PM Templates: A collection of OEM, Equipment SME and or industry-accepted best practices for addressing the most common failure modes for a specific asset class – or if possible, sub-class.

When establishing effective monitoring strategies for an asset or system, it is important to consider the time that it takes for an identified failure mode to progress from its first possible detection to functional failure of the asset or system.  EXAMPLE: For typical wear out of a rolling element bearing, the deteriorating bearing condition can often be detected for a few months until the bearing finally fails.  With such a long failure cycle, it may be appropriate to monitor the bearing by taking monthly vibration measurements.
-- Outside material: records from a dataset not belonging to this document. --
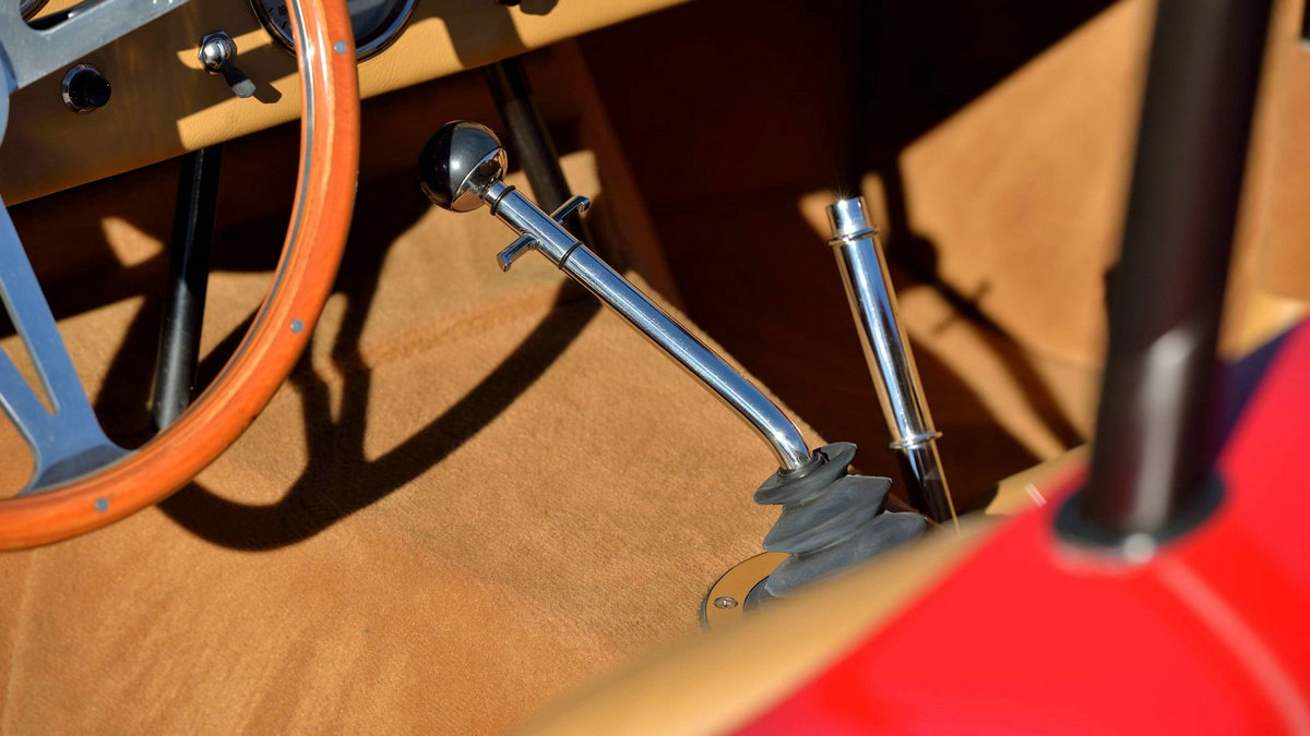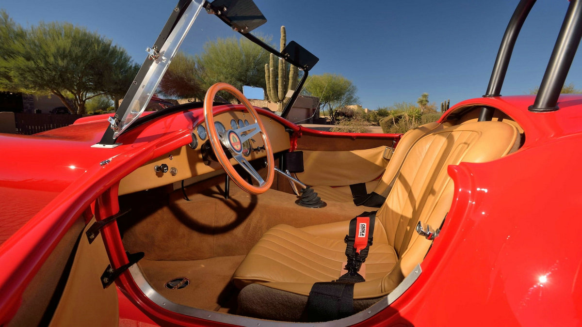 外观方面,除了之前提到的Rosso Corsa涂装和棕褐色内饰外,该车还采用了AC Cars打造的手工轧制铝制车身。此外,它还拥有不锈钢防滚杆、塞尔比定制地毯、15英寸原厂风格方向盘、S/C仪表盘布局以及Halibrand风格的15英寸针式驱动轮。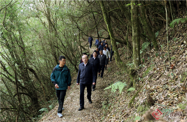 阮成發(fā)、王予波一行深入高黎貢山國家級自然保護(hù)區(qū)高黎貢山古道公園調(diào)研。記者 周燦 攝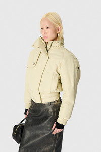 Boxy fit short-length bomber jacket with high neck and long sleeves Product Detail - Hidden zipper and snaps - Two welt pockets - Raglan shoulders with shoulder pads - Elasticated hem and cuffs with stitching details - Plain lining on the body - Signature moon jacquard lining on the sleeves - Marine Serre leather patch Composition and Traceability Product details page relating to environmental qualities or characteristics UJA069A_DWOV0090_BG10_LIGHT_BEIGE Composition: Main Fabric: 57% Cotton , 43% Polyamide - Lining: 100% Cotton - Second Lining: 100% Viscose Product Care: Do not machine wash Do not bleach Low temperature iron on reverse side Dry clean with precaution Do not tumble dry Traceability: Weaving, Dyeing, Manufacturing: Italy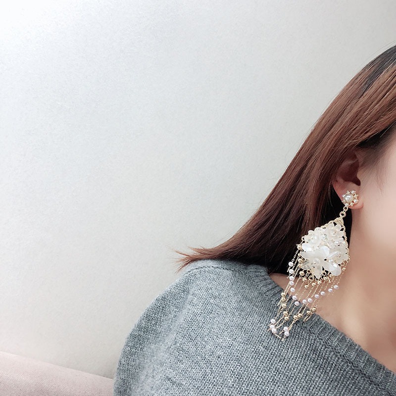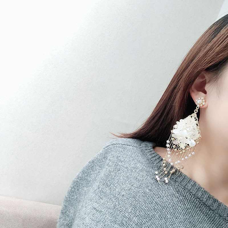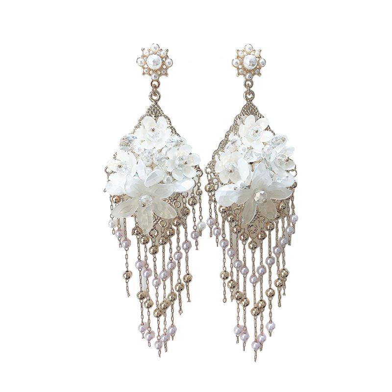 Needle Korean Dongdaemun Fashion New Metal Pearl Flower Tassel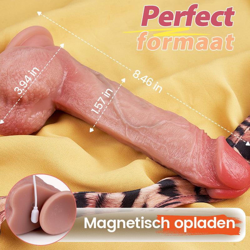 De realistische dildo van 8,46 inch biedt een alles-in-één ervaring met hoge prestaties. Hij combineert zeven stoot- en zwaaimodi, tien vibratiepatronen en een instelbare verwarmingsfunctie voor krachtige en realistische sensaties.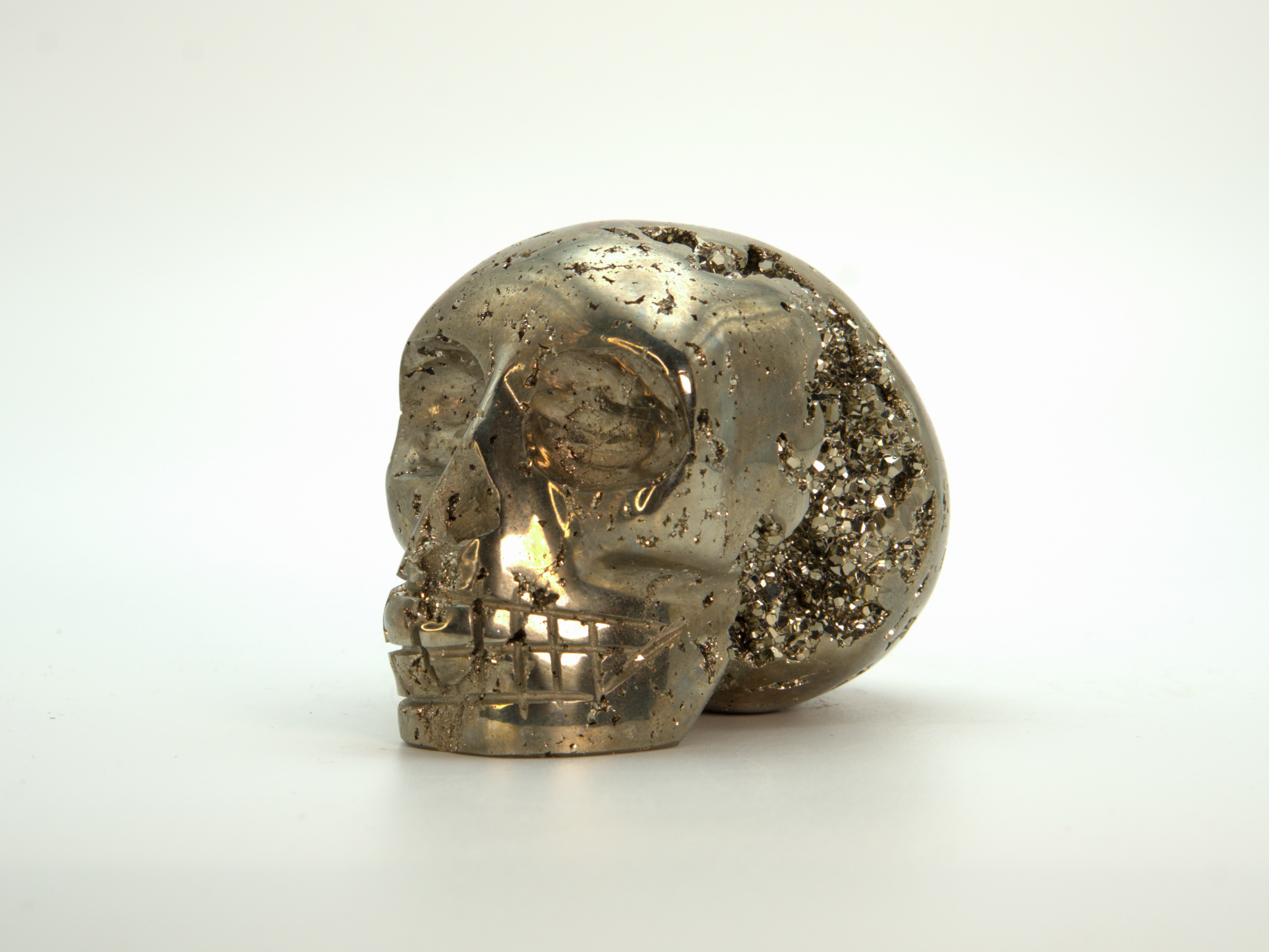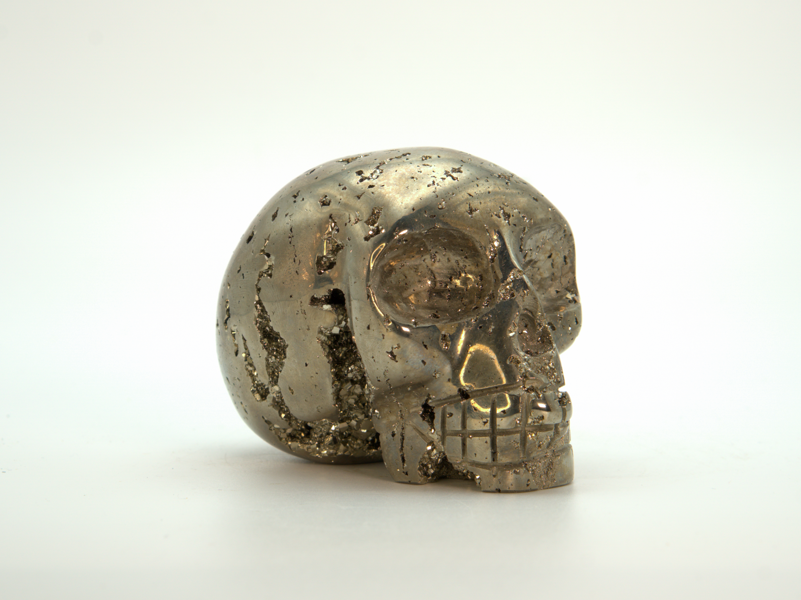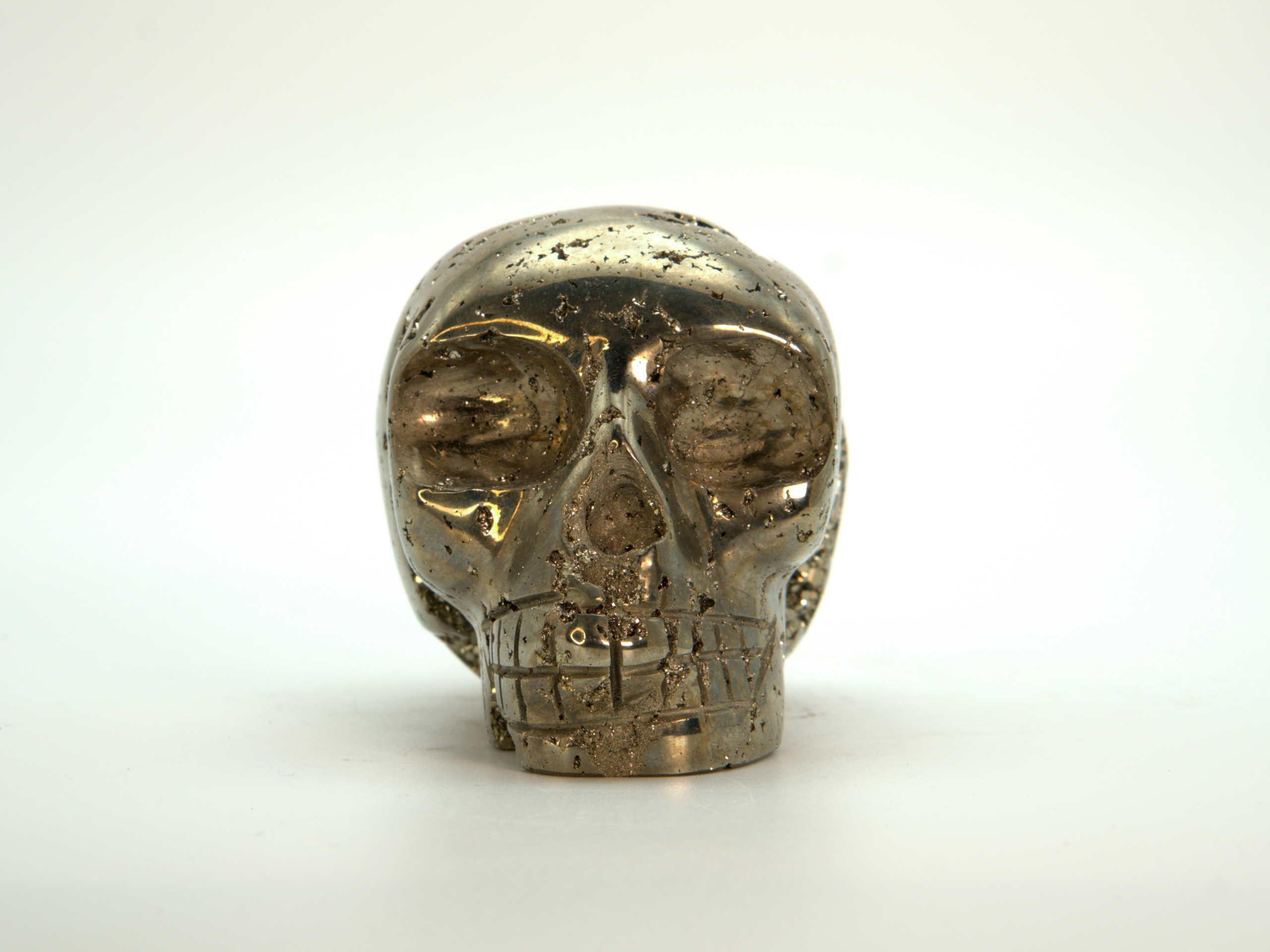 This unique pyrite skull weighs 1.2 pounds and is 2 and 1/2 inches tall with a length of 3 inches and a width of 2 inches.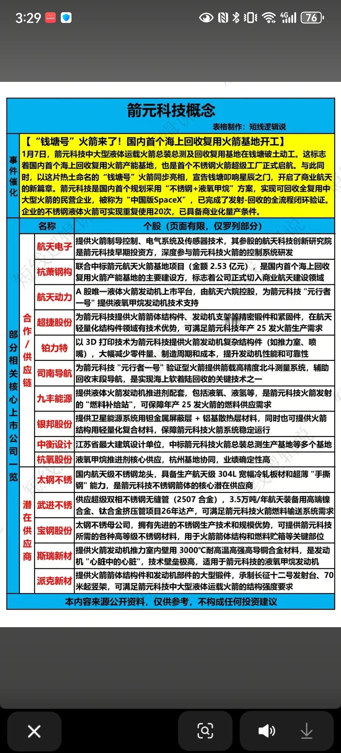 1月9日,周五A股这个板块有望大涨!!! 箭元科技中大型液体运载火箭总装总测及回收复用基地在钱塘破土动工,这标志着国内首个海上回收复用火箭产能基地,也是首个不锈钢火箭超级工厂正式启航,重点关注:超捷股份、司南导航、派克新材!!!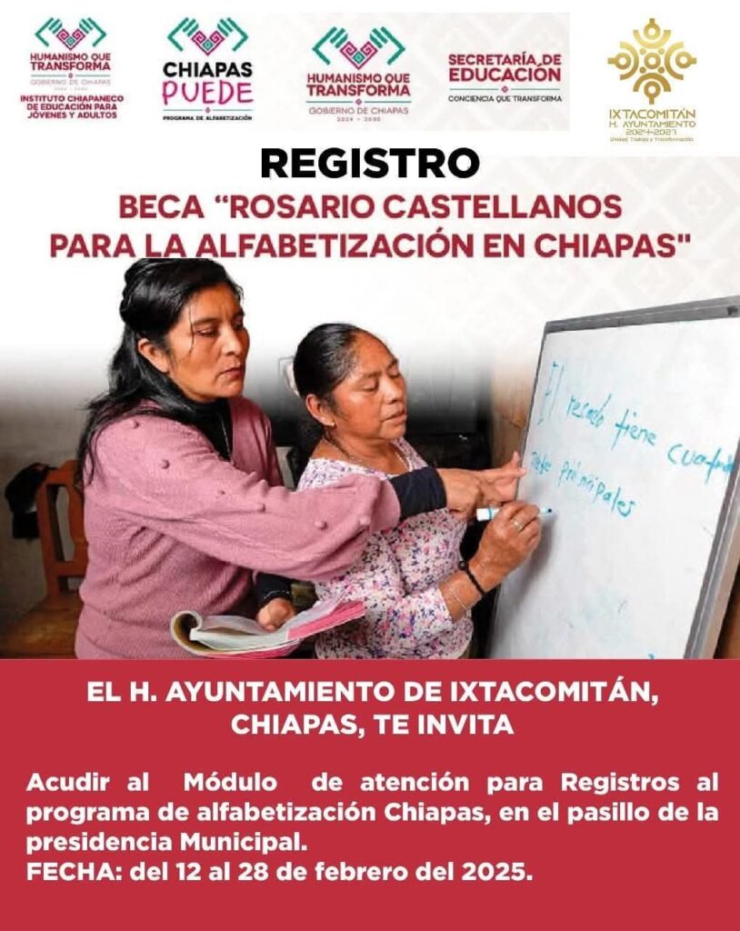AYUNTAMIENTO DE IXTACOMITAN INVITA AL REGISTRO; BECA ROSARIO CASTELLANOS

The figure below shows that the P-F interval, which is the interval between the occurrence of a potential failure (P) and the decay into a functional failure (F).  Time (on the x-axis) can be measured in seconds, minutes, days, months or years.  There may be many different failure modes for an asset and hence many failure cycles which demand different strategies to address each asset effectively. One key here is to understand what the desired P to F interval for your specific class, subclass of asset and most importantly asset criticality. We will talk about Criticality in an upcoming blog.  Understanding this is key to applying the right mitigation controls based upon the failure modes and the failure cycles. This introduces the concept of enabling proper planning and strategy optimization.

Note: Functional failure simply means that the system is no longer capable of performing its intended function.  For example, a pump that is required to produce 100 gpm flow at 200 psi discharge pressure is considered to have functionally failed if it can only produce 90 gpm at 200 psi.

Today, the top performers in industry are deploying more effective maintenance strategies, supported by technologies, resources, sound procedures with continuous optimization to keep their assets performing high on the P-F curve and delivering business value.